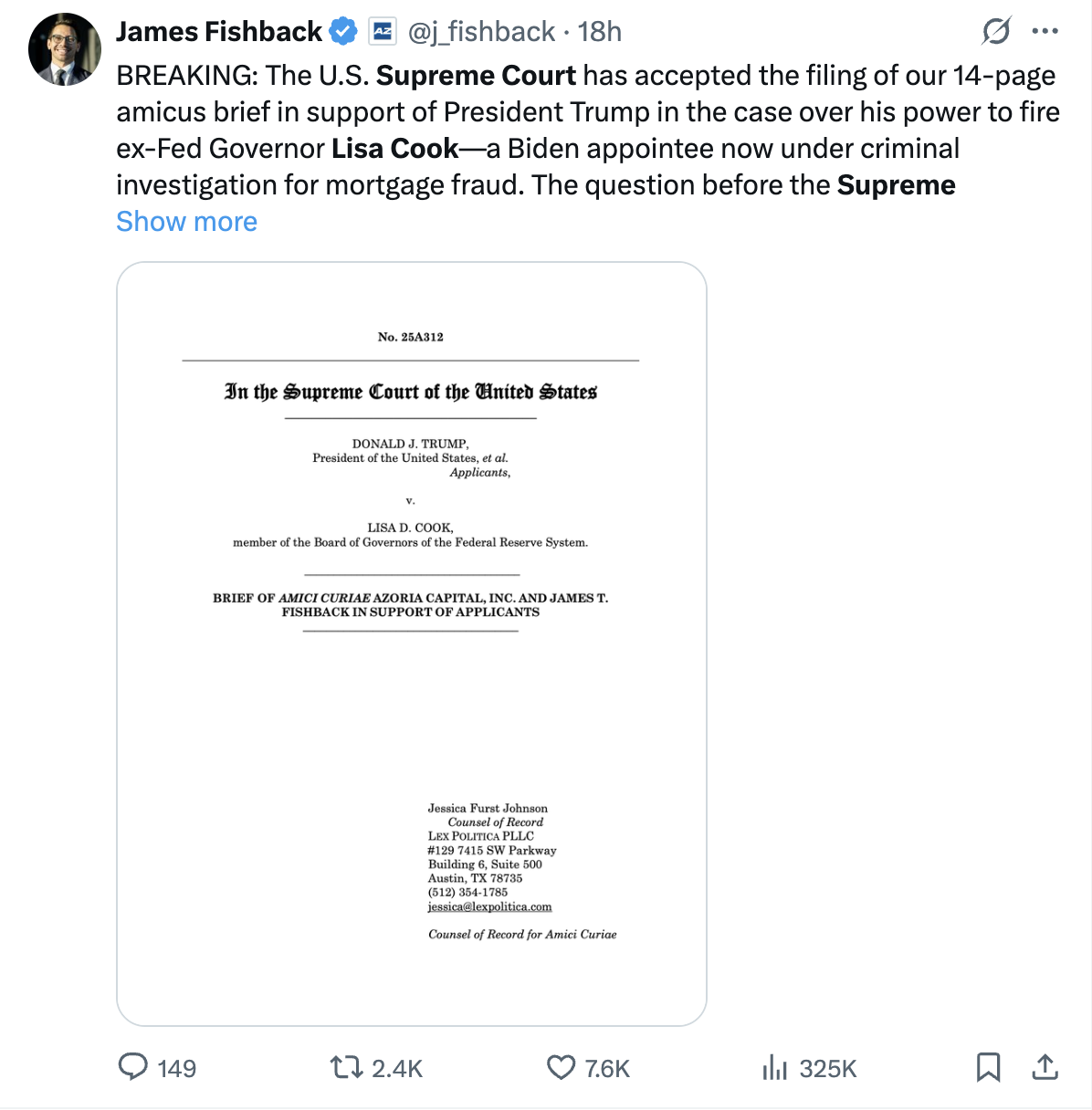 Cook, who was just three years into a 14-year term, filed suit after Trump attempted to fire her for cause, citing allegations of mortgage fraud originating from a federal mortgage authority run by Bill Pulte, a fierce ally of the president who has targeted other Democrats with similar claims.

* * *

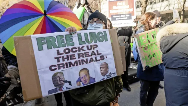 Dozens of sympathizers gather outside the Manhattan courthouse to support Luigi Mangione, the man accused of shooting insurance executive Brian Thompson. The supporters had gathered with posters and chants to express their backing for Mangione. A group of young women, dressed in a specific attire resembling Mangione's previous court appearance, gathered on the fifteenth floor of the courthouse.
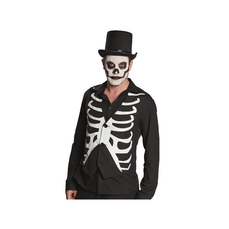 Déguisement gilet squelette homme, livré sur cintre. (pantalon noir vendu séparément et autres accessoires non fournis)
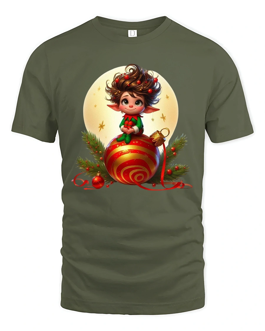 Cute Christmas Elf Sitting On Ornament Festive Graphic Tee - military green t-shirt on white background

BRIEF:
Above are some records; quote exactly and only the lines that begin at the line containing "Déguisement gilet squelette" and stop after the line containing "Cute Christmas Elf", leaving out the pictures.

WRITTEN ANSWER:
 Déguisement gilet squelette homme, livré sur cintre. (pantalon noir vendu séparément et autres accessoires non fournis)
 Cute Christmas Elf Sitting On Ornament Festive Graphic Tee - military green t-shirt on white background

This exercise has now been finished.